Avez-vous d’autres projets?

Nous projettons d’organiser d’autres grands concerts. Par ailleurs, le Festival Reggae Don Sa tient toujours. Nous n’avons pas encore fixé de date, mais nous espérons que Sean Paul y participe. Peut-être que ce sera en septembre pour les 15 ans du groupe.

Nous chanterons peut-être quelques chansons en anglais, mais le créole restera toujours notre principale langue d’expression. Nous voulons montrer au monde la beauté du créole tout en faisant passer nos messages. Eric Triton a réussi à s’imposer avec son blues en créole. De notre côté nous essayerons avec notre reggae créole.

L’annulation du Festival Reggae Don Sa a été un coup dur pour OSB. Quels sont vos sentiments par rapport à cette décision ?

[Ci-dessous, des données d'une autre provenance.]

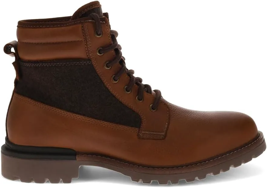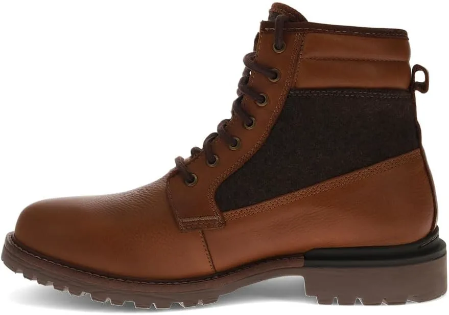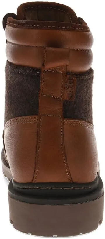 Tumbled leather and wool upper 11 hole lace-up closure with rugged metal eyelets Lightly padded collar for extra comfort Pull tab accent on the heel for an easy on and off the foot Durable rubber lug outsole for added traction

Je suis triste pour mon pays et les artistes, car nous avons besoin d’un espace pour nous exprimer. Nous ne nous produirons pas au Centre Sawmi Vivekananda de Pailles, car ce n’est pas un endroit pour faire des concerts. C’est bien que pour les conférences.

Quelles seront les retombées de cette décision ?

C’est une perte pour l’île Maurice, car les Mauriciens n’ont pas de loisirs. C’est grave car la population est stressée. C’est également une perte pour notre culture et aussi pour l’industrie touristique, car cela projette une mauvaise image de Maurice aux yeux du monde.